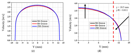 Therefore, the velocity distribution of the main flow will be different due to the maximum negative v-velocity. Figure 13a–c are the main flow velocity distributions at the end of the groove for w/k = 0.5, 1.0, and 1.5, respectively, and (d) is an enlarged figure of w/k = 1.5. When comparing the velocity distribution at the end of the 5th and 6th groove, there is no difference in the velocity distribution. However, when comparing the 5th and 25th velocity distributions, the main flow velocity profile increases when y/R < 0.811 and decreases the range of 0.811 < y/R. This means that when passing through a single groove, the deformation of the main flow is small because the maximum negative v-velocity is lower after the collision. However, the flow after the collision still affects the main flow. Thus, this effect cannot be ignored if the number of grooves increases.
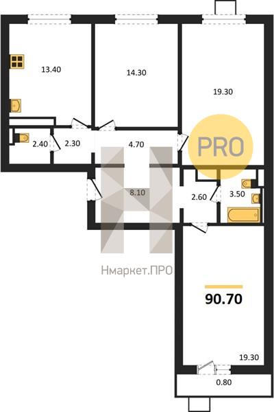 - 90.7 м2
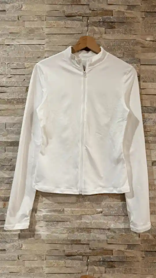 Chaqueta Deportiva Lulu Blanca Talla M Estilo y comodidad en una sola prenda. 💫 Cierre suave (smooth zipper) para un acabado elegante y funcional. Cuello alto (stand collar design) que aporta un toque sofisticado y protege del frío. Inspirada en el estilo athleisure, perfecta para usar dentro y fuera del gimnasio. Ideal para combinar con tu outfit deportivo o casual. 🖤
_ _ _ _ _
Each line above has to be returned exactly. Drop the pictures.

 Therefore, the velocity distribution of the main flow will be different due to the maximum negative v-velocity. Figure 13a–c are the main flow velocity distributions at the end of the groove for w/k = 0.5, 1.0, and 1.5, respectively, and (d) is an enlarged figure of w/k = 1.5. When comparing the velocity distribution at the end of the 5th and 6th groove, there is no difference in the velocity distribution. However, when comparing the 5th and 25th velocity distributions, the main flow velocity profile increases when y/R < 0.811 and decreases the range of 0.811 < y/R. This means that when passing through a single groove, the deformation of the main flow is small because the maximum negative v-velocity is lower after the collision. However, the flow after the collision still affects the main flow. Thus, this effect cannot be ignored if the number of grooves increases.
 - 90.7 м2
 Chaqueta Deportiva Lulu Blanca Talla M Estilo y comodidad en una sola prenda. 💫 Cierre suave (smooth zipper) para un acabado elegante y funcional. Cuello alto (stand collar design) que aporta un toque sofisticado y protege del frío. Inspirada en el estilo athleisure, perfecta para usar dentro y fuera del gimnasio. Ideal para combinar con tu outfit deportivo o casual. 🖤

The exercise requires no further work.